Bouilliabaise

Summary

Yield6
Prep Time hours
CountryFrance
Main IngredientSeafood/Fish
MealSoups + Stews
SeasonAny Time

Description

See my blog on poaching for tips on this recipe!

Also, make sure to serve this with my rouille recipe.

Ingredients

  • 2 lb filet of sea bass, red snapper or other saltwater firm, white fleshed fish, cut in 2 inch wide slices, and 1 inch thick
  • 0.66666666666667 c extra virgin olive oil
  • 24 clams, scrubbed and cleaned
  • 24 mussels, scrubbed and bearded
  • 24 shrimp, shelled and halved lengthwise
  • 10 c fish stock
  • 8 clv garlic
  • 4 T minced parsley
  • 2 carrots, diced
  • 2 ribs celery, diced
  • 1 onion, diced
  • 1 fennel bulb, sliced thin
  • 1 bay leaf
  • 3 sprigs each of fresh thyme and oregano
  • 1 T saffron threads
  • 6 basil leaves
  • 2 T tomato paste
  • 2 c peeled and seeded chopped tomato
  • 2 c dry white wine
  • 0.5 c pernod*

Instructions

Place the oil in a large pot and place on medium heat.
Add the herbs, spices, vegetables, garlic and tomato paste.
Cook for 5 minutes or so until onions are glassy and beginning to caramelize.
Add the tomatoes, Pernod and wine.
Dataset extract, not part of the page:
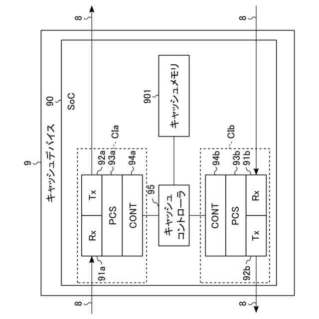 第1実施形態の変形例に係る通信システムが備えるキャッシュデバイスの一例を示すブロック図。
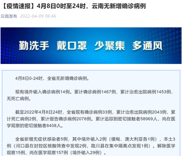截至2022年4月8日24时,全省现有确诊病例33例,累计治愈出院病例2043例,累计死亡病例2例,累计报告确诊病例2078例。累计追踪到密切接触者58969人,尚在医学观察的密切接触者8408人。

Bring to a mild boil.
Reduce by 2/3’s and add the stock.
Reduce by half.
Add the clams and cook until opened.
Remove clams and reserve.
Add the mussels and cook until opened.
Remove mussels and reserve.
Remove top shells of both clams and mussels and discard.
Place the bottom shells with the meats attached in 8 warmed soup bowls.
Put bowls into a 200 degree oven to keep warm.
Place fish filets into broth and when soup returns to a simmer, poach gently for 4-5 minutes.
Place fish into bowls with the other shellfish.
Add the shrimp to the pot, Swirl for a moment and season.
Divide the soup and shrimp mixture into the soup bowls.
Serve with the rouille and crisped sliced bread.